Dataset records:

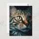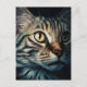 El diseño muestra un primer plano sorprendente y dramático de la cara de un gato, que captura la esencia de su ojo grande y expresivo .
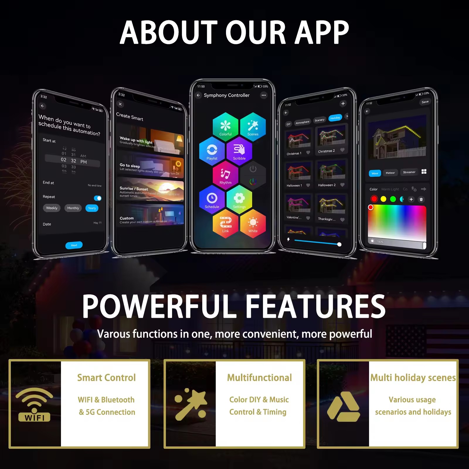 This product is a high-quality LED holiday decoration light designed for permanent outdoor use. It features smart WiFi control, IP68 waterproof rating, and vibrant RGBW color options, making it ideal for festive occasions and architectural lighting.
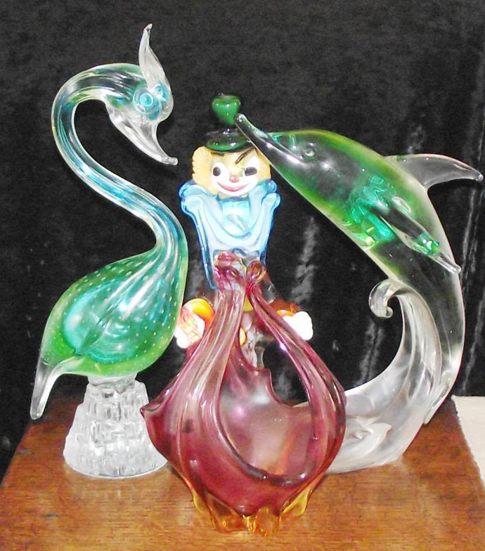 4 x pieces of Murano style glass inc Dolphin & Clown Etc.
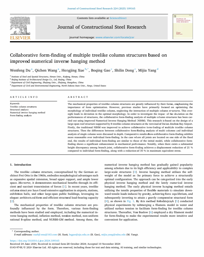 在树状结构整体协同找形领域的探索性成果,北京市建筑设计研究院薛红京正高级工程师、浙江大学空间结构研究中心高博青教授和董石麟院士以及美国北达科他州立大学土木与环境工程系Mijia Yang教授参与了此项工作,河南大学钢与空间结构研究所为第一署名单位,北京市建筑设计研究院为第二署名单位,浙江大学空间结构研究中心为第三署名单位、美国北达科他州立大学土木与环境工程系为第四署名单位。
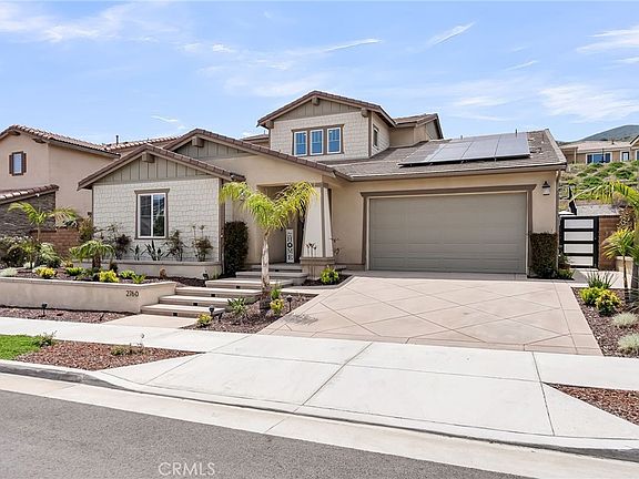Welcome to the luxurious gated community of Sierra Bella in Corona! This pool home provides beautiful views of the Inland Empire, as well as high-end upgrades throughout. The entry sets the tone for the rest of the home. Natural light shines through and illuminates the white shiplap walls and helps light your way into the open living space. The oversized living room is central to the home and leads into both the kitchen and the downstairs primary bedroom suite. The kitchen is a chef’s dream! Including a central island, the kitchen has plenty of counterspace, cabinetry, high end appliances, step in pantry, and built in refrigerator. The dining room is open to both the kitchen and living room and leads to the backyard through the slider. 3 bedrooms are located on the first floor of the home including the aforementioned main bedroom suite. This tranquil owner’s suite is large and has peaceful views of the backyard pool and lights. The suite includes a bathroom with dual sinks, walk in shower, soaking tub, and large walk-in closet. The other two guest bedrooms on the other side of the first floor are spacious and have a full bathroom nearby. Lastly downstairs, you have a full laundry room. The stairs in this home include upgraded bannisters that help to make the space feel more open as well. Upstairs there is a massive loft, guest bedroom and full bathroom, as well as a covered back patio that overlooks the backyard. The backyard space has been thoughtfully designed with your entertainment in mind! The large pool and spa are the main attraction with peaceful spillways and fire feature to complete the right ambiance for your evening get-togethers. Relax and unwind while you lay out on the oversized daybed. Enjoy a formal dinner with family and friends under the gazebo or escape the sun in the covered California room just outside the home. This home provides peace and serenity with a touch of luxury! Located near the 91 Freeway and Fastrak entrance, this home is a commuter's dream!
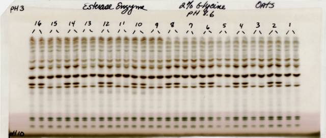 To determine if the same esterase band can be used to distinguish naked oats and covered oats, 16 randomly selected naked genotypes and 16 randomly selected covered genotypes were examined. The results (Fig. 2) showed that the diagnostic band was consistently present in all of the naked lines and was consistently absent in all of the covered lines. These results suggested that the esterase isozyme was tightly linked to at least one of the genes (presumably N-1) conditioning nakedness in oats. Preliminary studies on the inheritance of the isozyme marker have suggested that it is inherited as a complex factor. These studies are continuing at the present time. Additional studies examining the effects of environmental factors on the expression of the marker are planned.
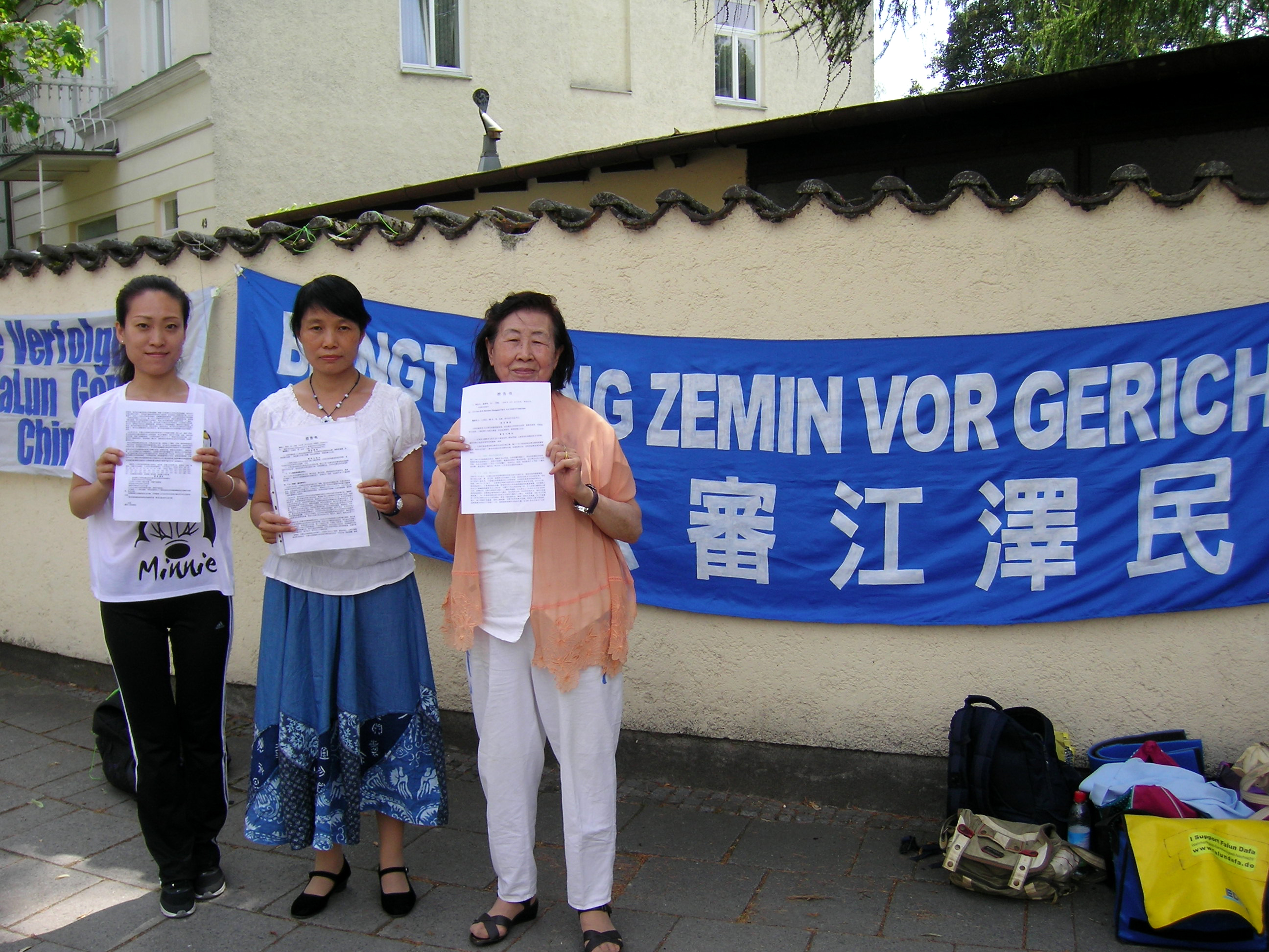 ![]() 部分巴伐利亚法轮功学员手持诉状,控告江泽民对她们的迫害 |

* [Assigned task] An exact copy is needed of the entries above, starting at the line that holds "4 x pieces of" and stopping at the line that holds "在树状结构整体协同找形领域的", both kept; pictures stay out.

* [Answer area]
 4 x pieces of Murano style glass inc Dolphin & Clown Etc.
 在树状结构整体协同找形领域的探索性成果,北京市建筑设计研究院薛红京正高级工程师、浙江大学空间结构研究中心高博青教授和董石麟院士以及美国北达科他州立大学土木与环境工程系Mijia Yang教授参与了此项工作,河南大学钢与空间结构研究所为第一署名单位,北京市建筑设计研究院为第二署名单位,浙江大学空间结构研究中心为第三署名单位、美国北达科他州立大学土木与环境工程系为第四署名单位。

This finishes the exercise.